Lo ammetto, mi aspettavo qualcosa di più. Quando ho cominciato a leggerlo, speravo fosse davvero una favola horror, delineata da scene di orribile realtà a quelle di orribile fantasia. Mi aspettavo che il rapporto fra Eli e Oskar risvegliasse nel ragazzo l’istinto di sopravvivenza, qualcosa che lo facesse combattere, reagire alle burla dei compagni. Questo succede, ma così in minima parte da non donare quel senso di soddisfazione. Come ho detto, la trama non mi appare lineale. I personaggi sono tanti, ma il problema non sta nella quantità, quanto al fatto che non sono legati o collegati abbastanza da capire cosa centrano loro in questa storia. E questo incide sull’attenzione del lettore, il quale si perde facilmente fra i vari nomi – per altro tutti molto simili fra loro – e i vari accadimenti.

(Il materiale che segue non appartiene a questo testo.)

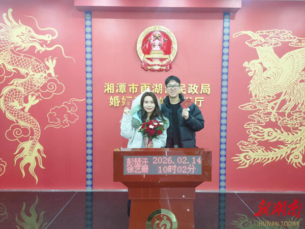 湖南日报·新湖南客户端2月14日讯(通讯员 吴贵贤)2月14日,雨湖区婚姻登记建设北路工作点与万楼工作点同步迎来领证高峰。作为全省首创的“婚登+文旅”特色区域,雨湖区以升级服务、主题活动与便民举措,让新人在古韵新风与新春氛围中,定格爱与团圆的幸福时刻。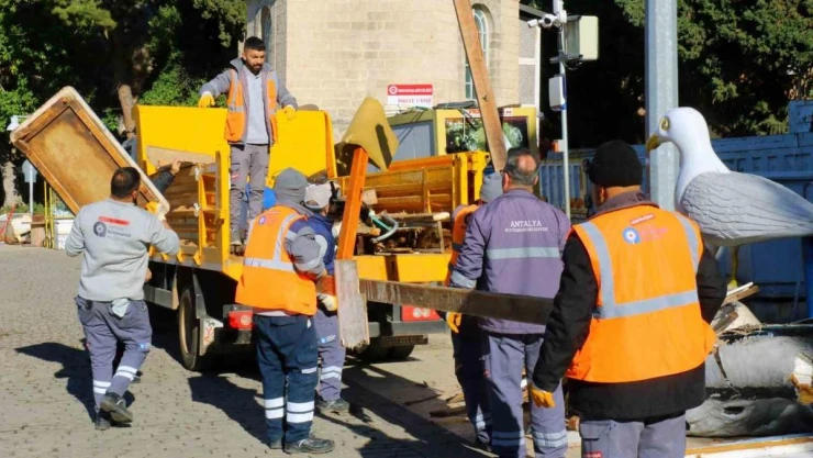 Antalya Büyükşehir Belediyesi, hafta sonu etkili olan fırtına ve şiddetli yağış nedeniyle Yat Limanı’nda ve Konyaaltı Sahili’nde oluşan kirliliği ortadan kaldırmak için temizlik çalışması yaptı.

Non agevola per niente, poi, la freddezza con cui l’autore narra la storia. Vero, questo stile un po’ glaciale è quasi una firma per questi autori scandinavi, ma qui mi è sembrato di scontrarmi con un iceberg, nemmeno fossi in Titanic! I dialoghi sono ritmatici – un, due, tre, quattro-unduetrequattro -, appena scanditi da “sì; no; Io…; devi; fai; forza; veloce”. Non sono riuscita a percepire le varie emozioni, se non proprio in casi eccezionali; ma un libro del genere, penso, dovrebbe essere in grado di mutare i sentimenti: dalla rabbia alla desolazione, dalla desolazione alla sconfitta, e dalla sconfitta magari al senso di pace, beatitudine nascosta. Avrei voluto sentire le viscere contorcersi per certi passaggi; e questo non è accaduto.
Per quel che mi riguarda, non riesco a catalogarlo nel genere Horror. Forse una storia un po’ macabra, con quell’accenno che, però, non riesce a formare alcuno shock, nessun battito cardiaco, nessuna palpitazione. Le scene sono tutte un po’ sgranate: esistono, ma scompaiono un attimo dopo, così come sul finale che avrebbe voluto sicuramente più interazione, più colpi di scena. Da lettrice, mi sono sentita come in attesa della scena madre, quella più importante e, sul più bello, qualcuno spegne l’interruttore… e scena sfumata, andata via.
Lasciami entrare è sicuramente un libro da cui avrei preteso molto di più, che mi ha lasciato un po’ di amaro in bocca. Una storia che, visti i temi trattati, avrebbe meritato un approfondimento diverso, sicuramente un po’ di crudeltà in più.